There is no guarantee that any design will be a raging success, regardless of who designed it and how many people provided input. That means that we simply have to accept that some designs work better than others and just learn from it and carry on. In that light we do not have to think of the LCS and Zumwalt designs as failures. The only failure in those projects is that it took forever to actually build those boats to see how good or bad they were.  

The American engineering (tinkering) approach of building something and then making it better is a valid concept in complex designs with rapidly changing technology. However, that means that there has to be strong pushback against second guessers when things don’t work out in the first pass. Innovation is hard work. If it were easy, everybody would be doing it.

I often think back on watching TV coverage of one of the Space X rockets failing to land on its feet. To me it registered as: “Oh, well it did not work this time, but I am sure they learned something.” However, the TV voiceover said: “For the sixth time in a row Elon Musk’s Space X rocket failed to land in its feet.”

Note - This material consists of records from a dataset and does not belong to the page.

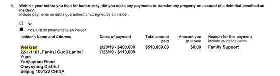 该份文件同时显示,贾跃亭在提交破产申请前的一年之内,曾于今年2月28日和7月23日分别向甘薇转账40万美元和11万美元,总计51万美元,在用途一栏标注的是“家庭费用”。
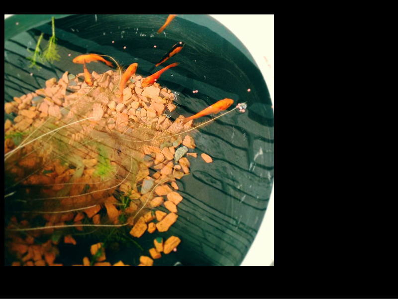 現在は小赤たちが入っています。水辺や魚たちが大好きなので、眺めていると和みます。
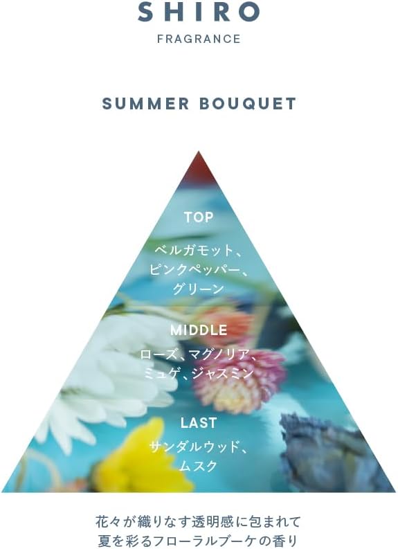 To create a richer, more complex scent, consider layering SHIRO Summer Bouquet with complementary fragrances. Pair it with "White Lily" for an opulent explosion of floral beauty, or mix it with "White Tea" for a refreshing and vibrant experience. For a truly exceptional combination, try layering with "Parisian Shirt," crafted by the same perfumer—this pairing evokes the experience of holding a bouquet at the beach, merging freshness with floral depth, lending a sophisticated edge to your scent profile.
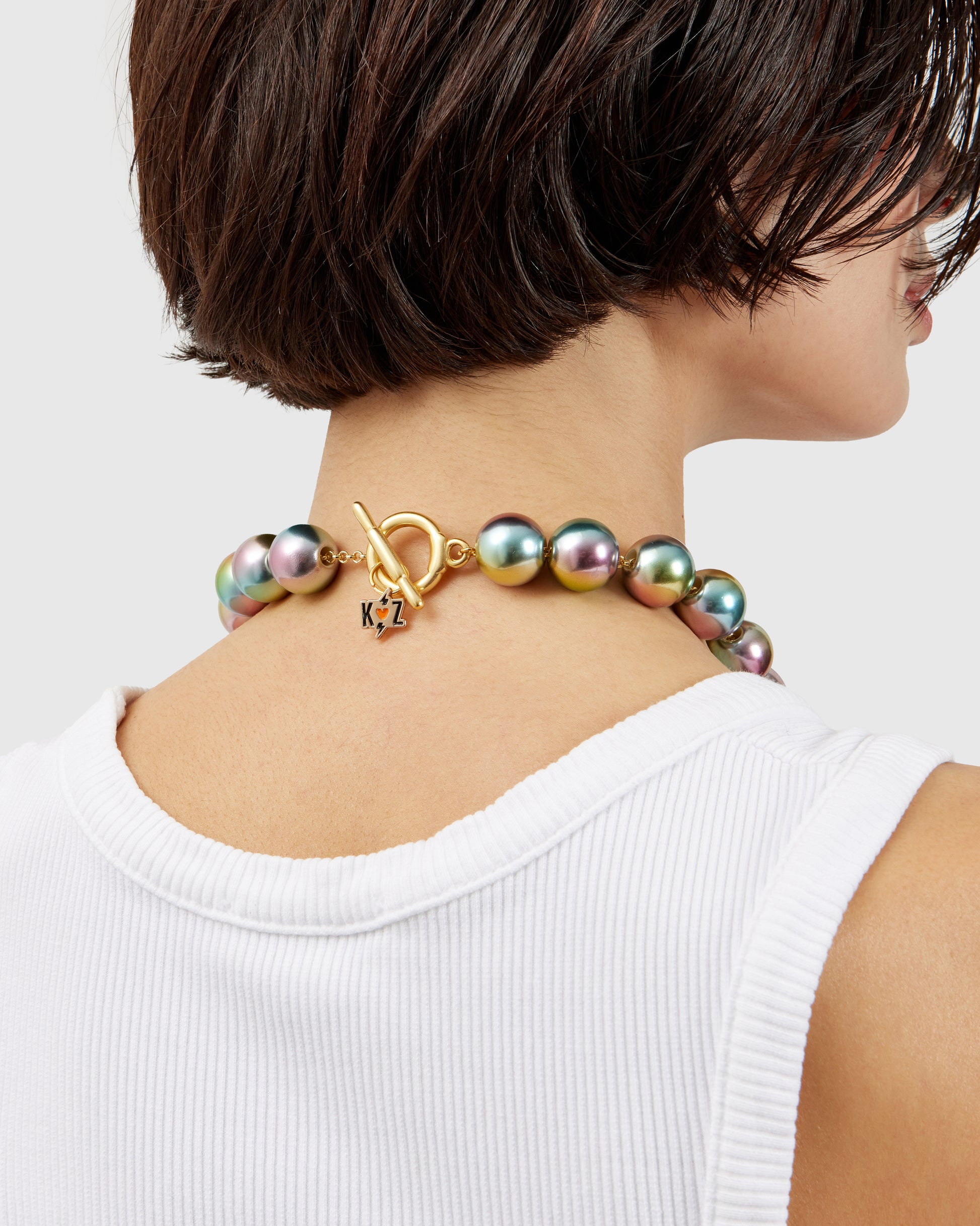 A delicate necklace with a metallic rainbow sheen that shifts with every movement, catching the light in endless reflections. Lightweight and flexible, it adapts effortlessly to any outfit, adding a glow that is both subtle and striking.
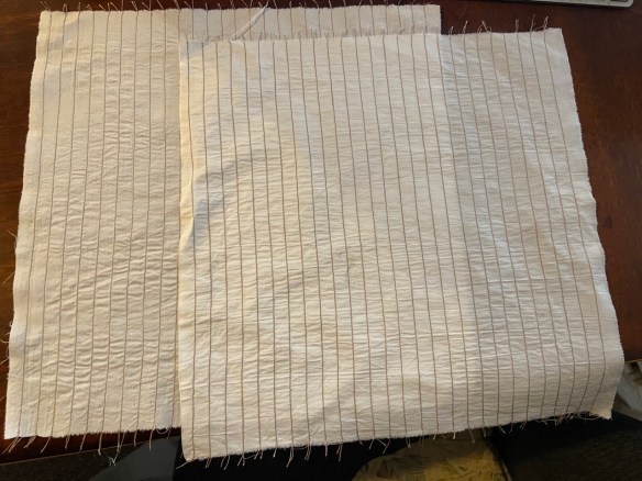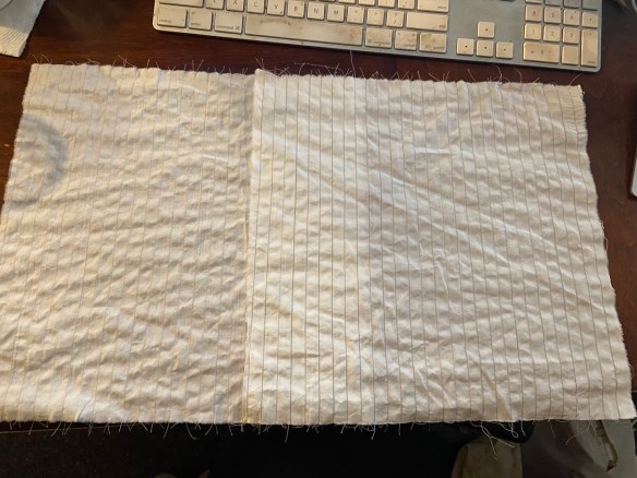 So, I went back and repeated the whole process AGAIN. I don’t think the effort was wasted, as it gave me more sewing practice, and I’m pretty pleased with most of the final stitching. Some lines are still off, but since I need to cut panels that are 6 strips wide, and I have two full pieces of sewn cloth, I can afford to weed out the occasional wandering stitching.
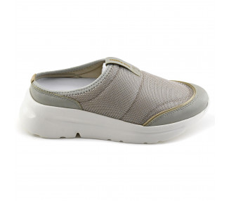 Zapato clásico de talón descubierto. Confeccionado en materiales sintéticos. Puntera y laterales cerrados con talón descubierto. Acceso y ajuste mediante tira con elástico detrás del talón. Taco cono forrado y base sintética.
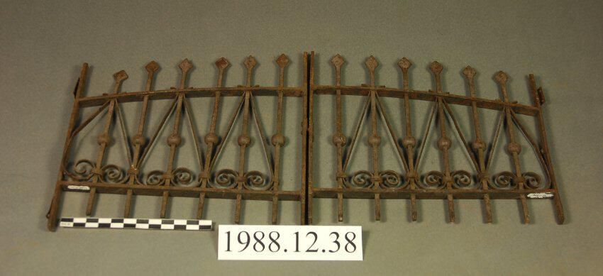 Matched pair of Gates. Rectangular frame of wrought iron. Vertical bars with Ball Ornaments. Scrolled infill. Riveted tenon joints. Top of each frame is curved and has series of lance-shaped Finials. Hinged on one edge of each respective gate. One hinge is missing. Painted dark brown.

I ended up screaming at the TV: “Well what did you expect? This is really really hard! The only way to make it work is to keep trying! Just let them do their job and shut up!”


For every column I write MREN makes a small contribution to an organization of my choice. For the foreseeable future I am selecting SL7Expo. An industry wide effort to develop a Smithsonian level exhibit center for commercial maritime on a ship that is a paragon of a fast design process.